Siemens Healthineers, in collaboration with Qure.ai and the Global Fund to Fight AIDS, Tuberculosis, and Malaria, is intensifying efforts to harness artificial intelligence in the battle against tuberculosis (TB), an infectious disease that continues to plague communities globally.
This strategic initiative focuses on the widespread adoption of AI and machine learning programs capable of swiftly and accurately analyzing chest X-rays to identify TB-related lung abnormalities within seconds. Peter Sands, Executive Director of the Global Fund, emphasizes the critical importance of swift patient identification and diagnosis in the ongoing fight against TB. Every year, millions of TB cases go undetected, posing a considerable challenge. With TB still claiming a life every two minutes, the need for more efficient and precise diagnostic tools is paramount, and AI is seen as a key part of the solution.
The project’s initial target is Indonesia, a nation with over 9% of the world’s TB cases. Despite TB being preventable, treatable, and curable, fewer than half of infected individuals in Indonesia receive timely treatment, according to Siemens Healthineers. Furthermore, an untreated TB carrier can potentially transmit the disease to as many as 15 people in a year. Siemens Healthineers and Qure.ai will provide complimentary licenses for their AI image processing technology and offer training to healthcare professionals. The Global Fund’s combined grants for 2021 to 2023 amount to $157 million, supporting focused interventions against the TB epidemic in Indonesia.
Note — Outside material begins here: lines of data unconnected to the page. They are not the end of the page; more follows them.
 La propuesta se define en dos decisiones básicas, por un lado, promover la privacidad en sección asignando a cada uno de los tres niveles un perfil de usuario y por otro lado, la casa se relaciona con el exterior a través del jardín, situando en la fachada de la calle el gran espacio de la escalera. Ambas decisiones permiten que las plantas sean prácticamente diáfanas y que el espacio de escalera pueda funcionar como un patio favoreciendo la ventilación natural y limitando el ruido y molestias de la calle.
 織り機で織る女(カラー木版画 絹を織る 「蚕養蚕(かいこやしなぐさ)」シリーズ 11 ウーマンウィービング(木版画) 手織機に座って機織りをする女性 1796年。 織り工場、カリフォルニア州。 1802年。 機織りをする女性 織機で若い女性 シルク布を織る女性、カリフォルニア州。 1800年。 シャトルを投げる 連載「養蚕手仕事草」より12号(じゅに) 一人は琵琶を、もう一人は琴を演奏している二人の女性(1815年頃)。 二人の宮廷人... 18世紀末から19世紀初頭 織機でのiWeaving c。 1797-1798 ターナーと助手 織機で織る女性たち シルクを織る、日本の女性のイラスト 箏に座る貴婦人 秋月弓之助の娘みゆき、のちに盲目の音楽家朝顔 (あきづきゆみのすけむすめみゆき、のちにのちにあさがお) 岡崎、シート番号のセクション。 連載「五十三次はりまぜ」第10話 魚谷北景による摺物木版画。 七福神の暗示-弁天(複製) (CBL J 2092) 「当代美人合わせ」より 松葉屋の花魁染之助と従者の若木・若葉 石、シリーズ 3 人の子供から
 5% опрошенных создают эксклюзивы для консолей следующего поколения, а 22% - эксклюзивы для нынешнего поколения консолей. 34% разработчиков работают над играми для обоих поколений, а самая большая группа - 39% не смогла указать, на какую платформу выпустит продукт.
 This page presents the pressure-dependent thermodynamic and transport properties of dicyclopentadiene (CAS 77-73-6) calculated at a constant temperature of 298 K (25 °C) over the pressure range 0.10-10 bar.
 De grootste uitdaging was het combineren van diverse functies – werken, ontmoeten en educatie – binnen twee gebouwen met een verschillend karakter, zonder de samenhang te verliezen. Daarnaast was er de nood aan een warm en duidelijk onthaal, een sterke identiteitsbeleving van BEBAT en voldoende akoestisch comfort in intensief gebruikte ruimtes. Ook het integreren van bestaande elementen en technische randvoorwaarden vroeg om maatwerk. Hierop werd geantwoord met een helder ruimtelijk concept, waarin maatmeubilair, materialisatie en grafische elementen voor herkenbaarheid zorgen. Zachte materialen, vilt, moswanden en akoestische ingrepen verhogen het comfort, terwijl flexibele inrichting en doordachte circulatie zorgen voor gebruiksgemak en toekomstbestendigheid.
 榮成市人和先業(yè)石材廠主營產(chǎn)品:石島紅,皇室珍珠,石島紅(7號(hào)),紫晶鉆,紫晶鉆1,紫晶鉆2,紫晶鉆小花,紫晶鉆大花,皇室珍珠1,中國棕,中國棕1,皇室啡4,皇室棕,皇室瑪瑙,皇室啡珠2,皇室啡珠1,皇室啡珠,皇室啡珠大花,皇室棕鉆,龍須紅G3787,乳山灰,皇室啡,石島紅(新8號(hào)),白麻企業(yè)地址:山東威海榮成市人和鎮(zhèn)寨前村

Qure.ai reports that its chest X-ray programs have substantially accelerated the time taken to confirm TB diagnoses, increased case detection rates, and reduced the cost of follow-up confirmatory testing by half.
In September, Qure received two 510(k) clearances from the FDA for its chest X-ray programs, one for identifying heart failure risks and another for diagnosing pneumothorax and pleural effusion cases.
Additionally, Qure highlighted a study conducted in Vietnam, revealing that integrating AI-based detection into provider workflows can offer dual benefits. Individuals initially screened for TB via chest X-rays can also be assessed for potentially malignant lung nodules and referred for follow-up CT scans to check for signs of lung cancer.
This ambitious venture leverages AI’s transformative potential to address TB, bridging diagnostic gaps, and ultimately improving outcomes for individuals affected by this persistent global health threat.